Скоро послышалось кудахтанье тетеревов, потом хлопанье крыльев — шумный подъем птиц с земли.

Вот один черный тетерев летит прямо к нам. Приблизившись к чайнику, он вдруг повернул в сторону и сел на дальнюю высокую березу. Потом подлетел к нему второй, третий… Они о чем-то по-своему разговаривают: кыт-кыт-кыт… Смотрят на чайник, вытягивая шеи. Мне показалось, будто они говорят о нем: «Какая, мол, это дурная птица!»

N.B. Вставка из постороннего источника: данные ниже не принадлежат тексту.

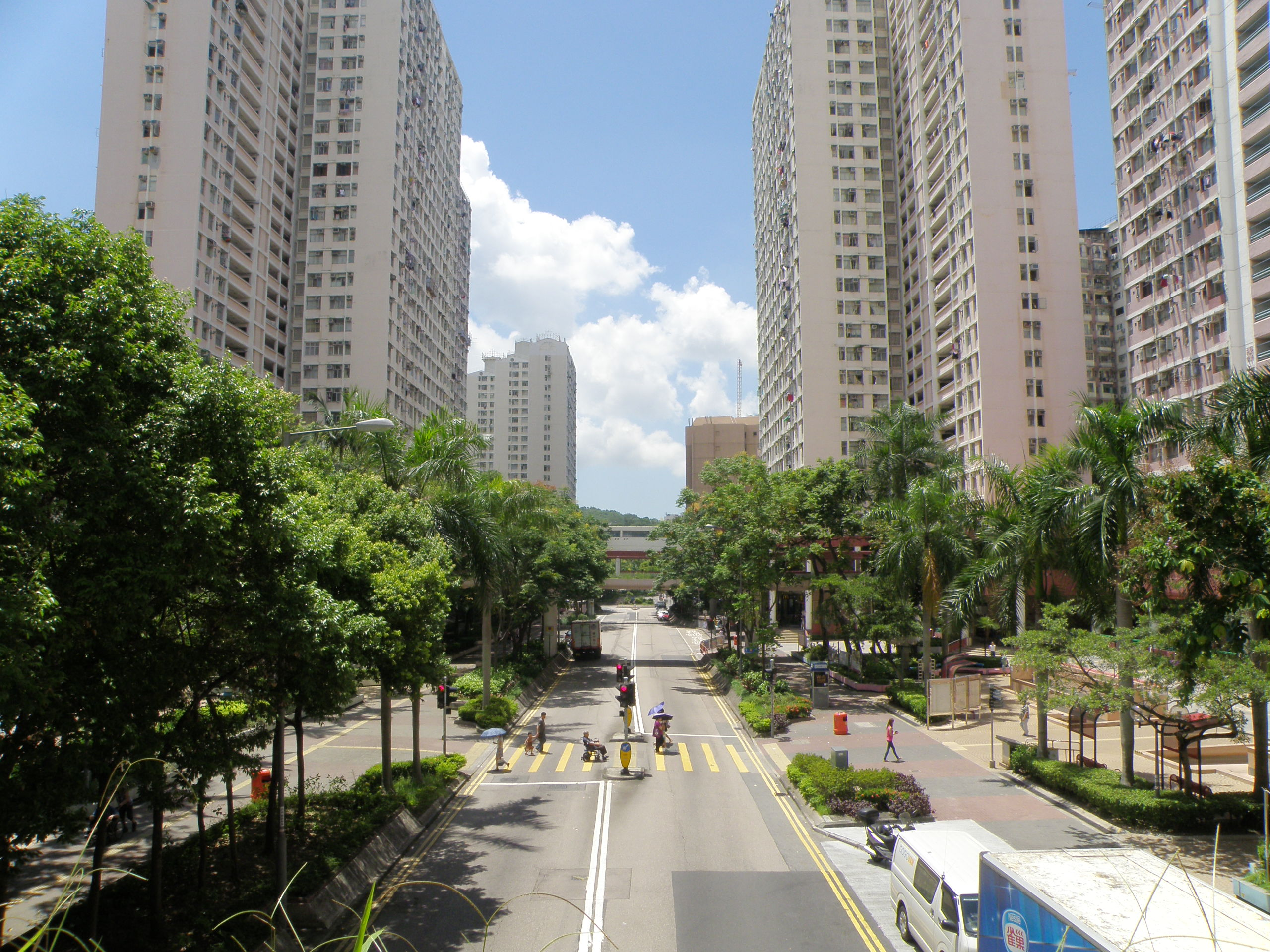 Tsui Ping Road in Kwun Tong, Hong Kong.

Я слежу за дедом. Он и не собирается стрелять.

— Давай пальнем, — шепчу ему.

— Далеко, не достанем, — ответил он.

Посидев недолго, тетерева шумно поднялись и улетели, так и не приблизившись к чайнику.

— Да, тетеревов обмануть трудно, — разочарованно протянул дедушка.

Потом мы вышли из шалаша, сняли чайник. Принесли в нем ключевой воды и вскипятили чай. На этот раз дедушка заварил чай кистью брусники…

ПЕТЛЯ

Перевод М. Мухачева

Случай этот произошел давно. Тогда у меня над верхней губой не только усов не было, но даже и пух еще не начинал пробиваться.

И ружье я имел не такое, как теперь, не тульскую двустволку, а пистонку, которую мне подарил почти ослепший в старости дядя.

После каждого выстрела приходилось засыпать через ствол порох, потом запыживать, поверх класть дробь и снова запыживать. Если не подстрелишь зайца с одного выстрела, а только подранишь, то хоть кричи ому вдогонку: «Постой, подожди, косой, пока ружье перезаряжу!»

Но и эта пистонка в ту пору доставляла мне много радости…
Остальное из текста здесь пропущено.